I think you're doing the right thing now. With food you can redirect his attention to you. I live on a busy road and we have to cross it to get to the park. I make Elza sit at the curb and just wait there, sometimes longer so she can get used to the noise and shapes of all cars. I don't make her rush, I just stand there calmly and look at the cars and let the leash loose. Safely obviously but not tense so there is no bad energy goes through the lead. 
I don't really understand why can't you take your other dog too. A calm dog would help Boris to see that's ok to be around these things and nothing will happen. I think you could take them out together. Of course I'm no trainer but a calm "pack" could only help an anxious dog. 
Hope Boris will improve soon, good luck! :


----------



## hotmischief (Mar 11, 2012)

veifera said:


> Thinking out loud: is there any place you could take him to play safely in full view of traffic?

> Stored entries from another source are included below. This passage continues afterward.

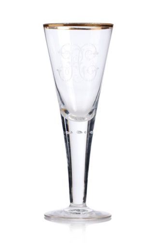 Farbloses Glas. Konischer Schaft mit neun eingestochenen Luftblasen über einem Scheibenfuß. Schaft in eine konische Kuppa übergehend. Auf der Wandung schauseitig ein Rankenmonogramm "PC" in Matt- und Blankschnitt. Der Lippenrand sowie der Standring mit Vergoldung. Der Boden mit kugelförmig ausgeschliffenem Abriss.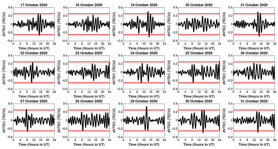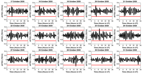 Figure 7. Diurnal variation of dVTEC (black curve) with the un-perturbed levels (red lines) from 17 to 31 November 2020 for DYNG station.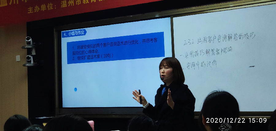 下午第二节课,是来自瑞职的毛晓宇老师上的《运用客户咨询解答的技巧》一课。毛晓宇老师以瑞职文创产品——白色帆布包实物引入,模拟客户对帆布包咨询的场景,针对客户提问分小组讨论回答,巧妙地引出客户咨询解答的技巧口诀。“找准原因,见招拆招”动画视频的运用将本节课推入高潮。学生通过个人练习和小组练习双重实战,熟练掌握了客户咨询解答技巧的运用。整个课堂各环节衔接自然,教师对课堂中信息化平台的使用自如有度,学生对课堂设置的任务解决和落实游刃有余,教学氛围十分融洽。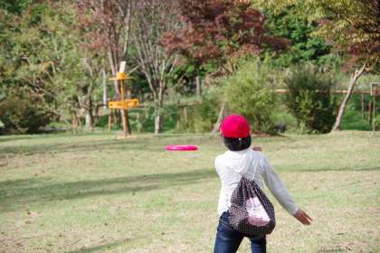 スタート位置から、できるだけ少ない回数でゴールに入れようと、子どもたちは考えて投げます。「学校のディスクとちがってちょっと曲がりやすいな。」などグループで楽しんでいるようです。秋空の下、子どもたちは元気に活動しています。

Probably will take a bit to calm down but on the other hand it will give him good exposure and good vibe?


Unfortunately I can't think of anywhere he could play near traffic. I took both boys to the forrest last week and the car park backs onto a busy road. At 5:00 in the afternoon when we got back to the Jeep the road was very busy. He couldn't see the traffic at the back of the Jeep, just hear it and he was frantic, even with Fergus standing calmly beside him. He kept trying to jump into the jeep - it was awful to see how frightened he was. I think that day I realised that I had to try a different approach.

Adrino, I will try taking Fergus with me next time - it can't do any harm, and you never know it might do some good. ??? ???


----------